## Try it
Pictures must not appear in your answer. Write out exactly the lines from the one with "This 6B double" through the last line of the entries below.

───── Material provided

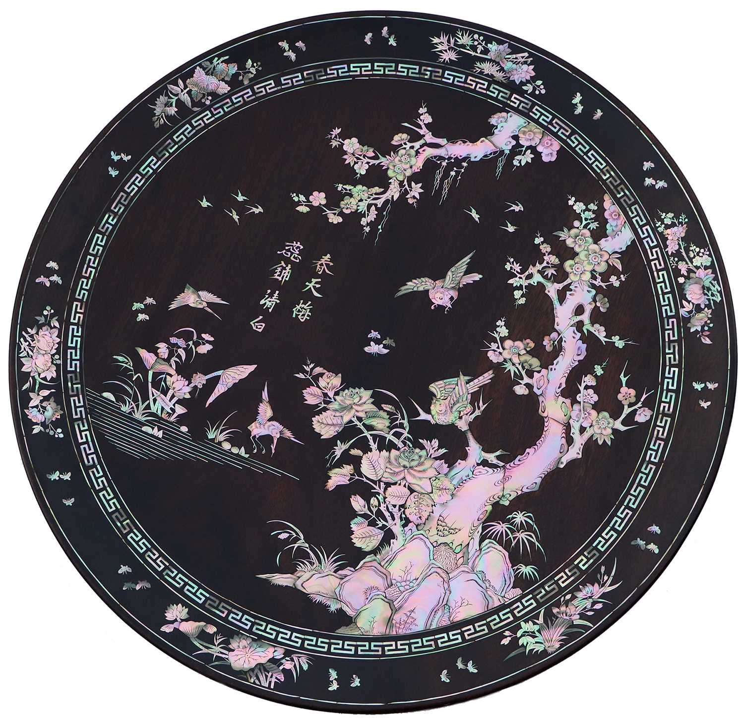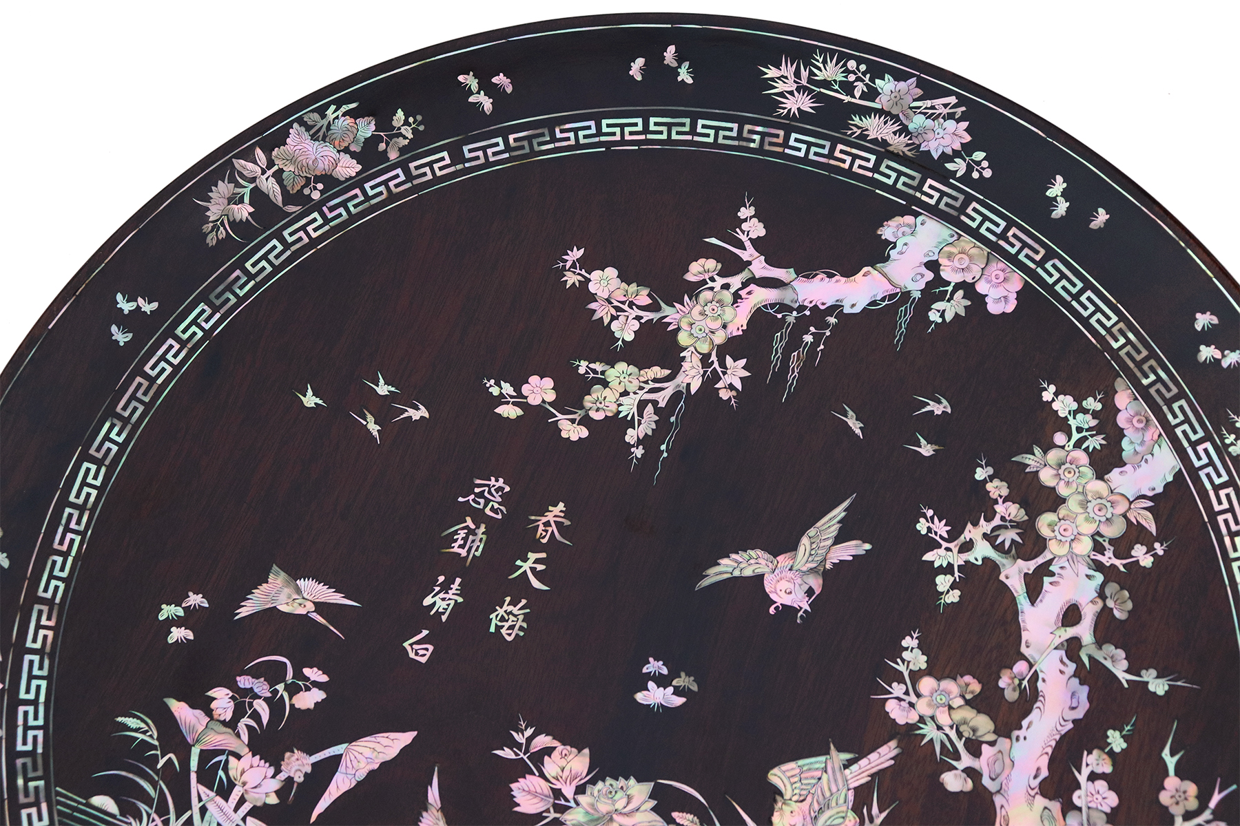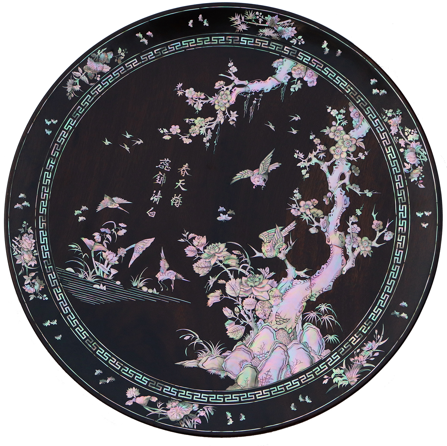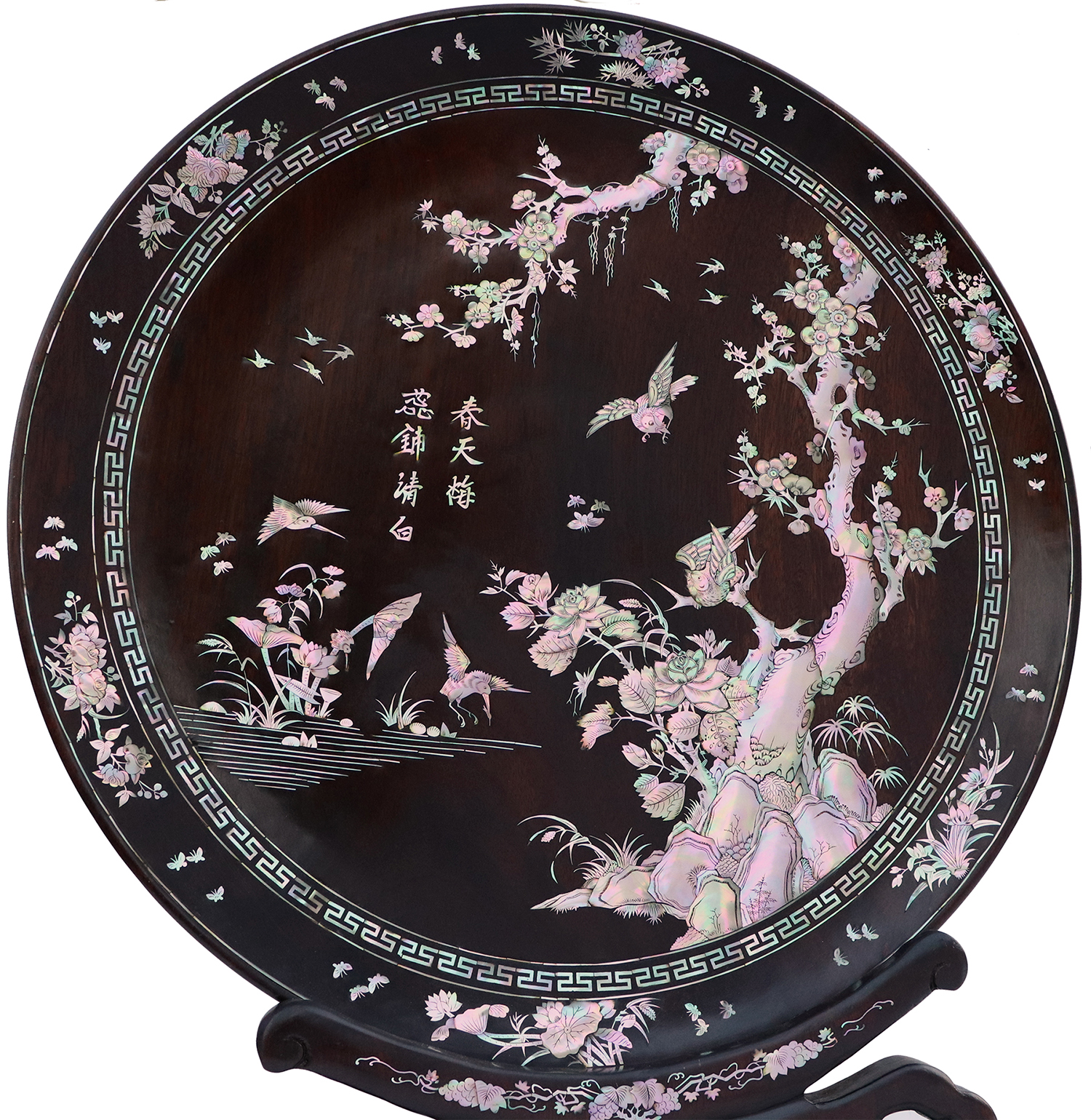 Mỗi món đồ khảm ốc luôn chất chứa những tâm huyết của người nghệ nhân. Với đôi đĩa khảm trúc mai sum họp một nhà này là một tuyệt tác điển hình
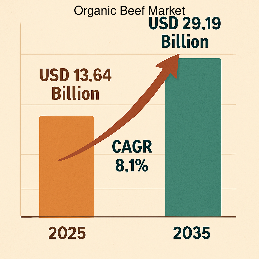 The global organic beef market is on an impressive upward trajectory, expected to more than double in value between 2025 and 2035, USD 13.64 billion by 2025 and is projected to reach a value of USD 29.19 billion by 2035, reflecting a CAGR of 8.1%. This growth is being propelled by consumers’ rising preference for clean‑label proteins, stronger regulatory support for sustainable farming, and heightened awareness of antibiotic resistance and animal welfare. Organic beef is rapidly cementing its place within the premium protein segment, especially in high‑income economies where ethical sourcing and environmental stewardship drive purchase decisions.
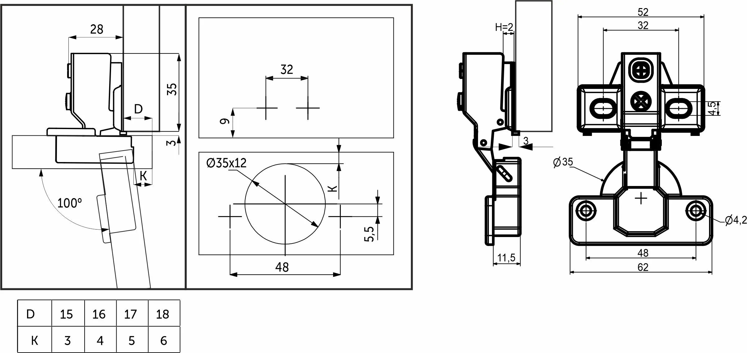 Петля предназначена для фасадов толщиной от 15 до 22 мм, имеет межцентровое расстояние между отверстиями в чашке в 48мм, а также высоту монтажной планки h2.
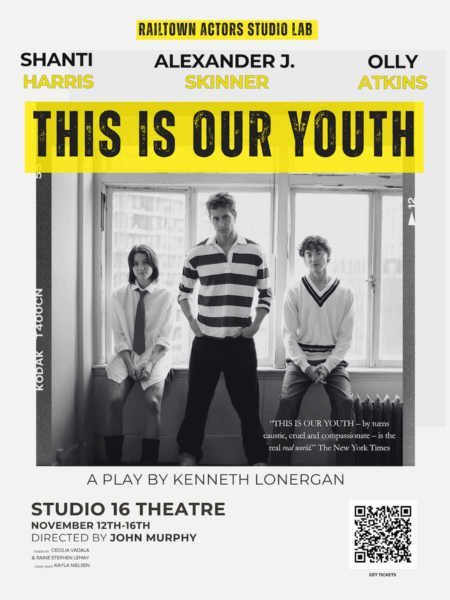 Railtown Actors Studio Lab presents THIS IS OUR YOUTH, a raw and nostalgic coming-of-age story set in 1980s New York City. Directed by the acclaimed John Murphy, the production stars three rising Vancouver actors—Alexander J. Skinner, Shanti Harris, and Olly Atkins—in a gripping, funny, and painfully relatable portrayal of young adulthood.
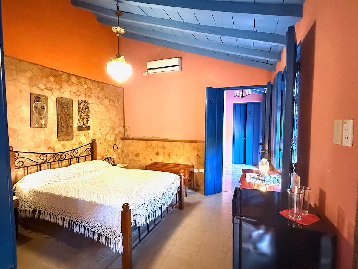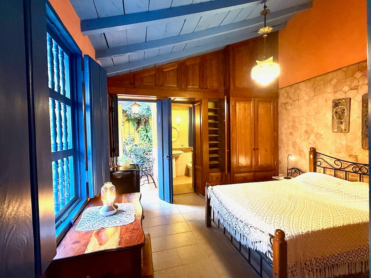 Despierta rodeado de calma en una habitación colonial boutique situada en el patio-jardín de una casa histórica. Un espacio íntimo, fresco y bellamente decorado para desconectar del ritmo diario. Disfruta de aire acondicionado, agua caliente, excelente presión de agua y electricidad ininterrumpida gracias a paneles solares. Conéctate con Wi-Fi Starlink satelital de alta velocidad y relájate en nuestra barra 24 horas con café, jugos, cervezas o cócteles a cualquier hora.
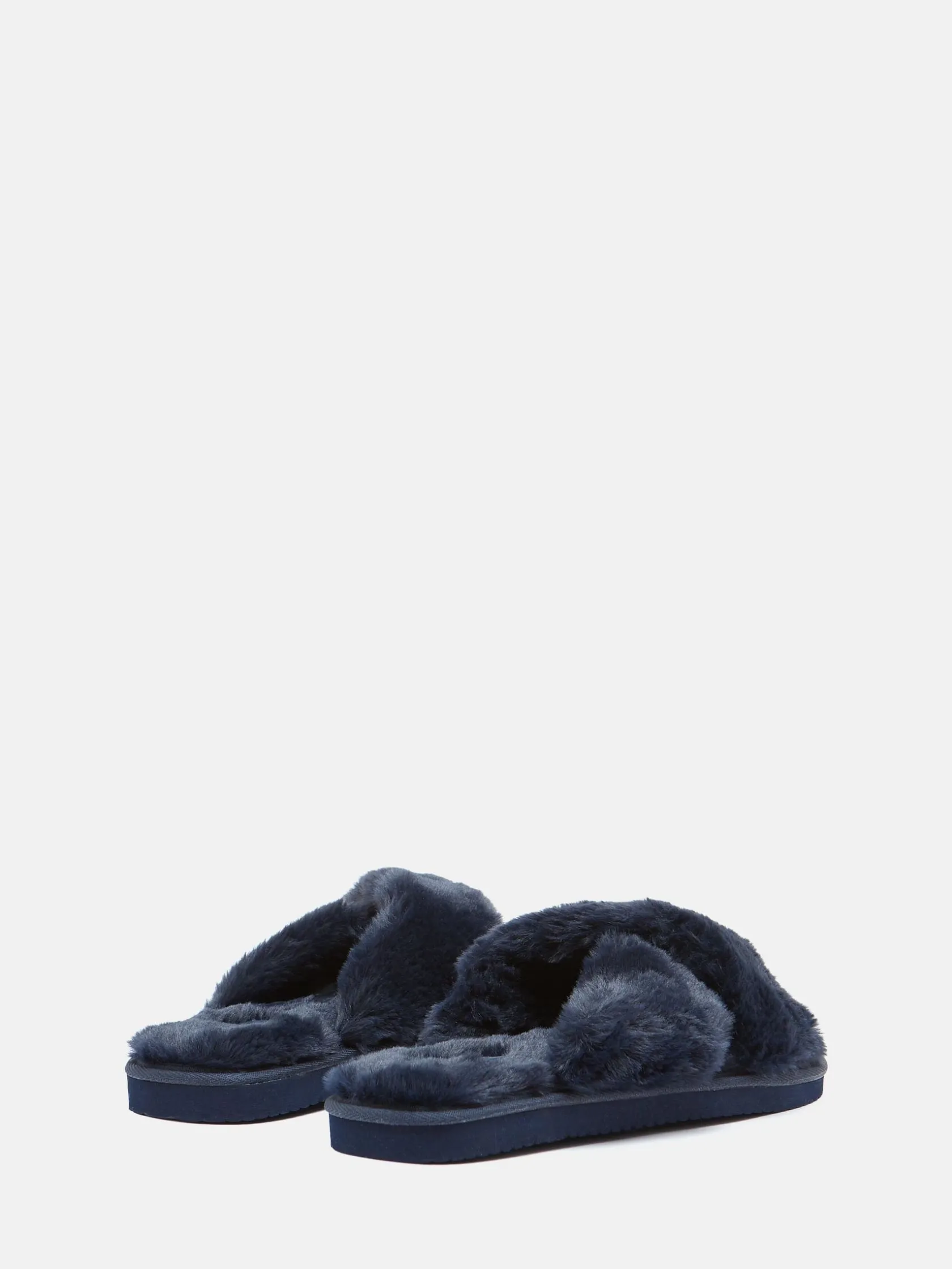 Add luxury to those at-home days with the Romilly slippers. The faux fur outer and insole ensures your foot is surrounded with softness, while the open toe, cross over design is a stylish twist. The outsole is crafted from rubber and features grippy lines so they can be worn outside on the patio too. Their rich navy colour and plush feel makes them the perfect gift for someone too. Open-toe slippers. Faux fur outer and insole. Rubber outsole with grip lines. Cross over design.
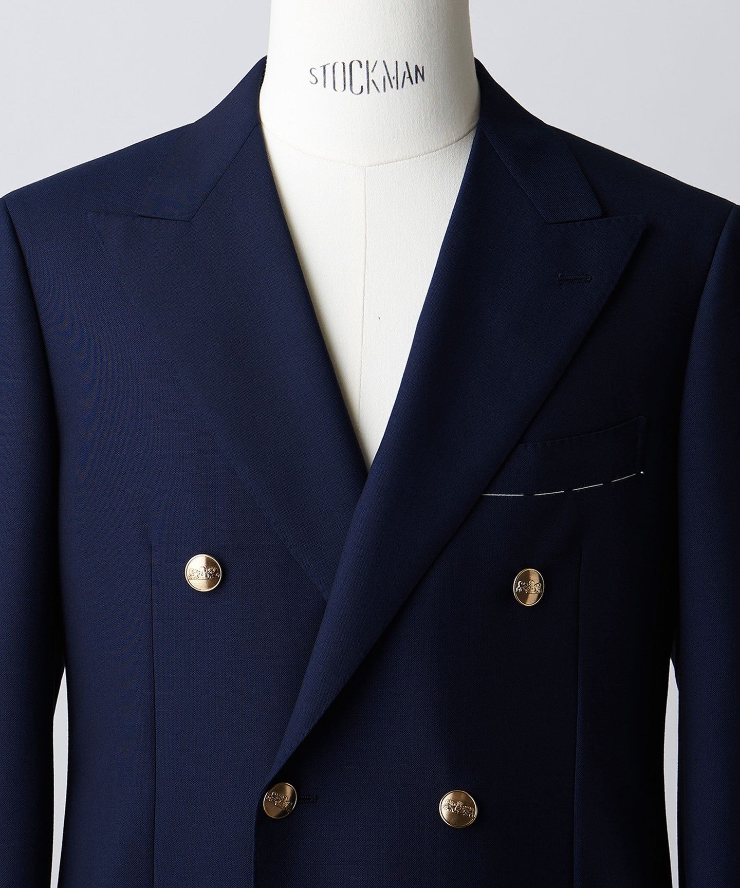 This 6B double blazer has moderately wide lapels and a gently shaped waist, making it suitable for a variety of styles.
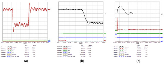 A second set of tests was conducted to observe how the AVR and speed governor controllers behave when working together. Load rejection tests were then carried out to evaluate the transient response to power grid faults. For these tests, the load was set to between 10% and 15% of the generator’s rated load to prevent overstressing the system, which could potentially damage the plant. Once the load reached steady-state operation, the main circuit breaker was turned off to isolate the generator and create an islanded condition.

──────────

## Finished task
 This 6B double blazer has moderately wide lapels and a gently shaped waist, making it suitable for a variety of styles.
 A second set of tests was conducted to observe how the AVR and speed governor controllers behave when working together. Load rejection tests were then carried out to evaluate the transient response to power grid faults. For these tests, the load was set to between 10% and 15% of the generator’s rated load to prevent overstressing the system, which could potentially damage the plant. Once the load reached steady-state operation, the main circuit breaker was turned off to isolate the generator and create an islanded condition.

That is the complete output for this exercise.